Hacking the radio controls in your steering wheel

[Gabe Graham] sent us this step by step process of building a dock for his Zune and hacking is steering wheel controls to work with it. Like many of us, he was not happy with the performance of those little radio transmitters that hook to your mp3 player. He remedied the situation by mounting a dock for his Zune onto the console and patching into his stereo. The sound quality was great, but controlling it was a pain.

He had one button left on his steering wheel that was not needed for anything.  He created a custom controller for the Zune that would issue different commands based on how long he held the button on the steering wheel. If the button was held for less than half a second, it would skip tracks, any longer and it would pause. Though he could possibly clean up the look of the LED sticking out of the console, the over all effect is quite well done.

Comments

  1. awe-man… I was really hoping he had figured out and documented the protocol used to communicate directly to the zune port.

    He could have just as easily polled the pins on the dock instead the IR transmitter.. it probably would have made for a much cleaner install (not to mention more useful to the Zune community) from the wired version of the remote I can tell you that there are dedicated pins specifically for remote functionality.
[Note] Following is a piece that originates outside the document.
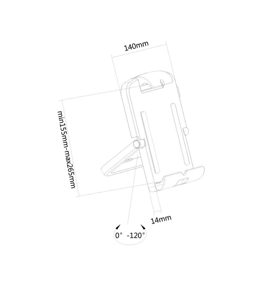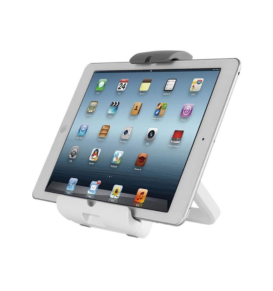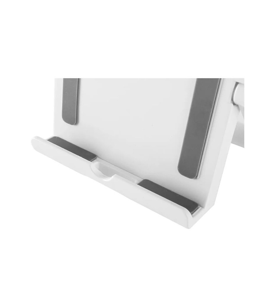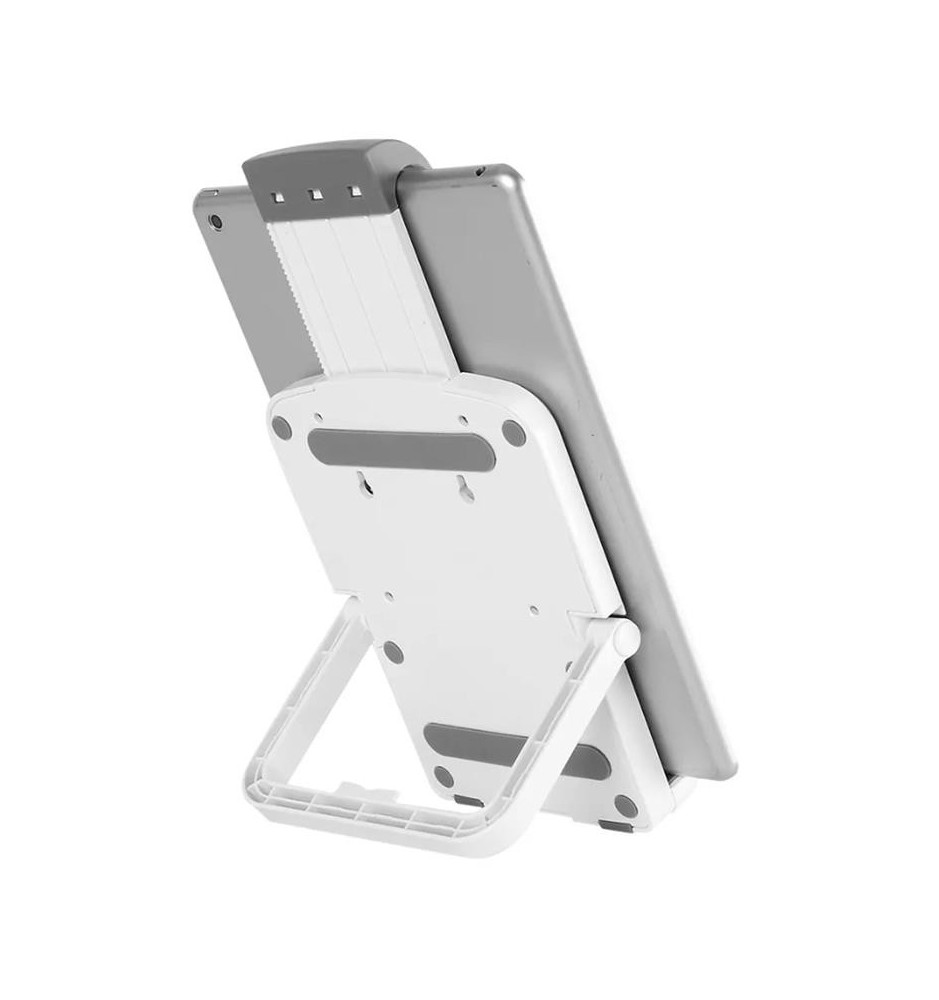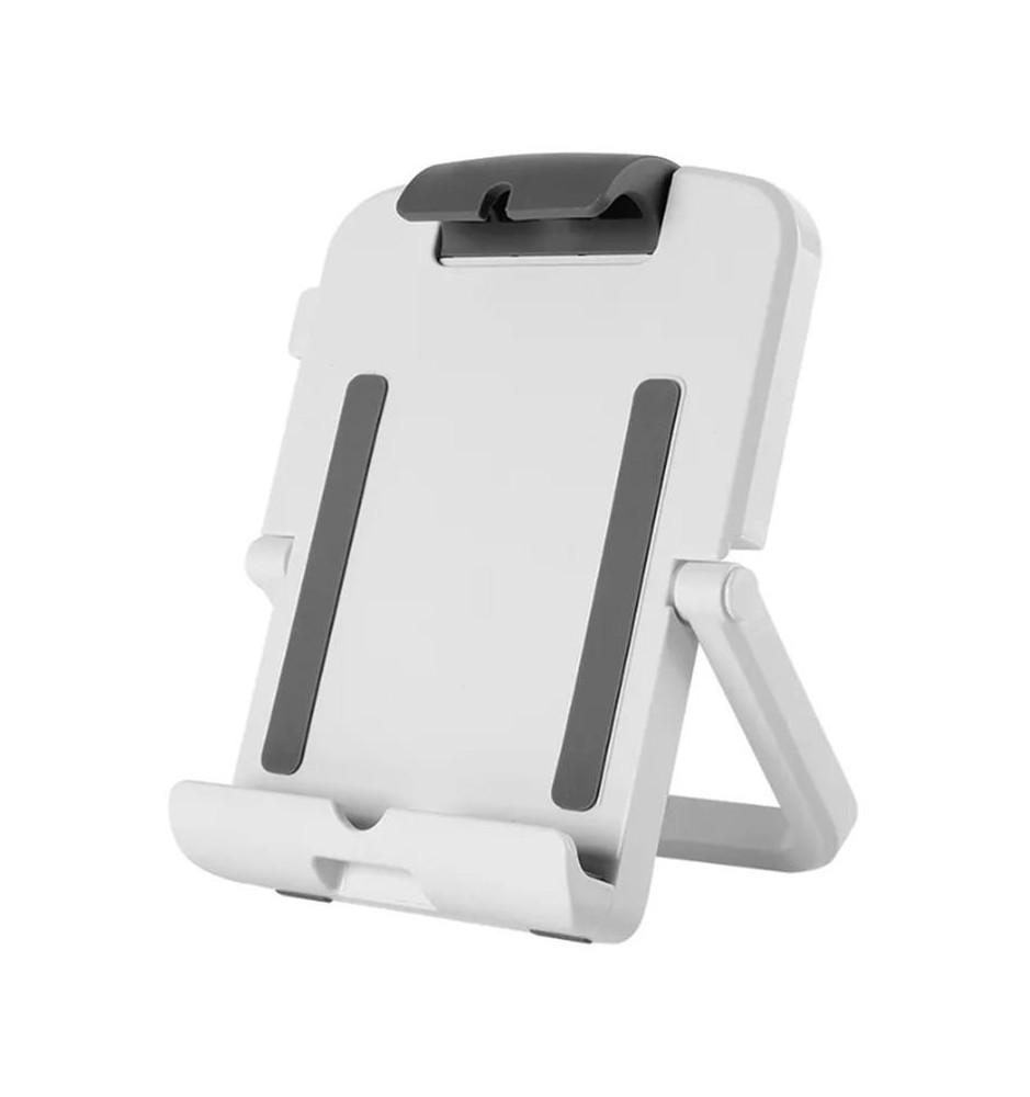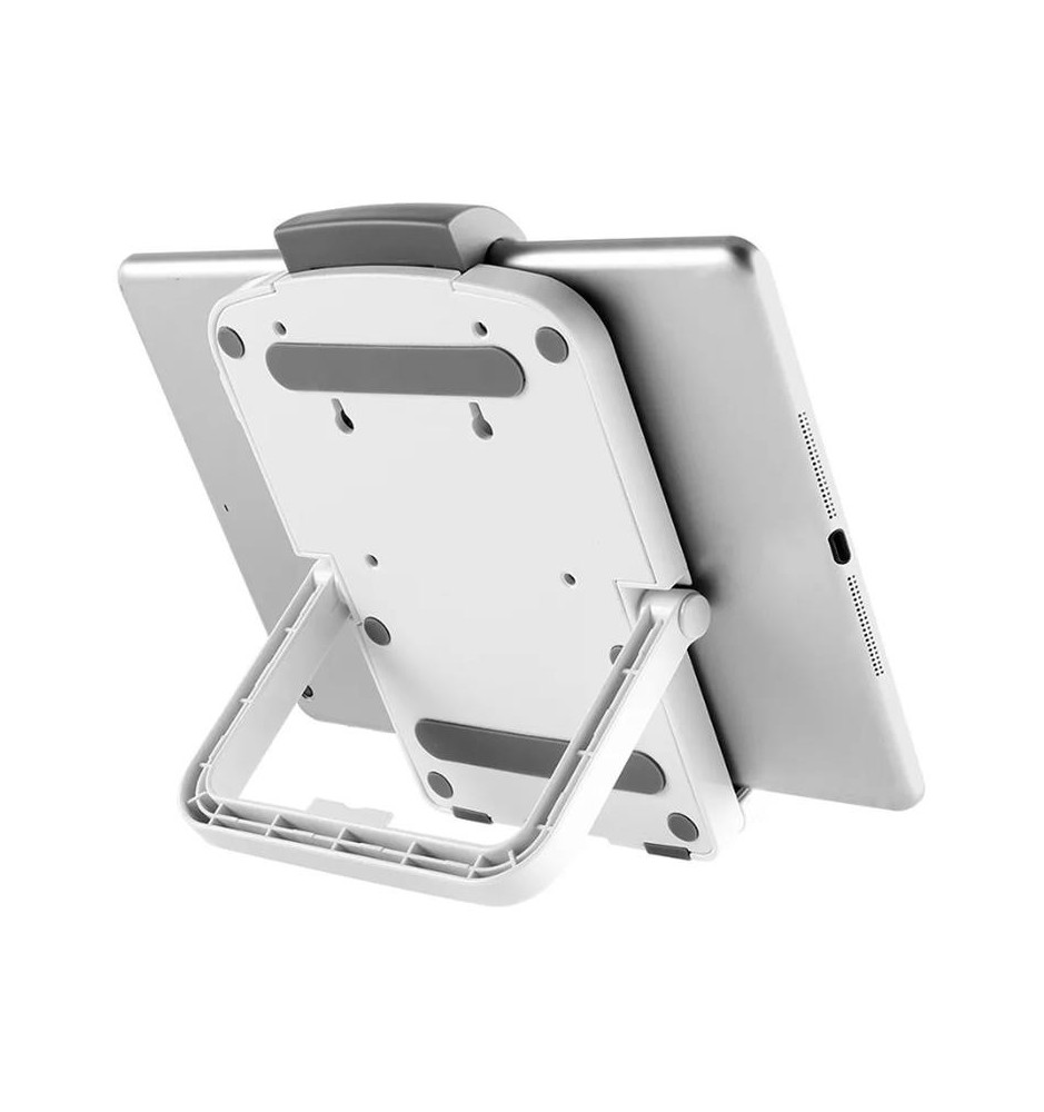 Uniwersalny uchwyt do tabletu, który sprawdzi się w użyciu z większością modeli tabletów o przekątnej ekranu między 7, a 10.1 cali. Taki nieduży stojak jest świetnym rozwiązaniem, jeśli potrzebuje się funkcjonalnego akcesorium nie zajmującego dużo miejsca na biurku.

    kudos for a zune hack though… MS got the portable media player right IMO, I only ever bought one because it was $80 on sale and I figured I could hack around with it, ended up liking it so much I just started using it and my ipod just collects dust.

  2. draeath says:

    Personally I like a player with support for real firmware. See rockbox.

    I have a sansa e200r (v1) and with that firmware, it just kicks the ass off of anything else.

  3. Rufus says:

    Lol. Zune.

  4. pwrx says:

    “Though he could possibly clean up the look of the LED sticking out of the console”

    I doubt the LED can even be seen through the layers of dirt in that car. A look more consistent with the interior would have been to simply duct tape the Zune to the steering wheel.

  5. fucter says:

    i received some free zunes from club.live, i didnt pay for them, but i actually enjoy using them, wished they synced with linux, but for free – i was a real bargain

  6. pip says:

    Lol. Zune.

    Lol. Beats Crapples.

  7. draeath, does the sansa and or the rockbox firmware support video and podcast management?

    those are the two features I use most on my players, I have a SageTV box that automatically converts certain shows for use on the zune and then the zune software knows to sync them whenever I plug in.. same with my pod casts.

    The two things I don’t like about the zune
    -lack of support for Linux
    -doesn’t interface with my car stereo like an iPod does.

  8. eigenmeister says:

    My zune came free from a MS contest. I like it, but unfortunately the zune homebrew community has all but died.

  9. derwiskinator says:

    For those of you who don’t know, many cars these days use the LIN protocol to go from steering wheel controls to either the headunit or to a box that is connected to the cars internal CAN bus. If you try to find a single line that just pulses up and down like on his car, and fail, then you are going to be in for a much more “fun” hack.

    You will need to get a micro that supports CAN and or LIN, and then set it up to read those busses. Then you can basically watch the busses to see when a button strike causes data on the bus to change.

    (Your HAYNES or CHILTON’S guides will tell you which wires from the steering wheel are LIN or CAN)

    Also, the Zune and Sansa et al, are MTP devices, go to MS and search for “MTP documentation” and that will give you the entire protocol for basically every USB media player that isn’t an iPod.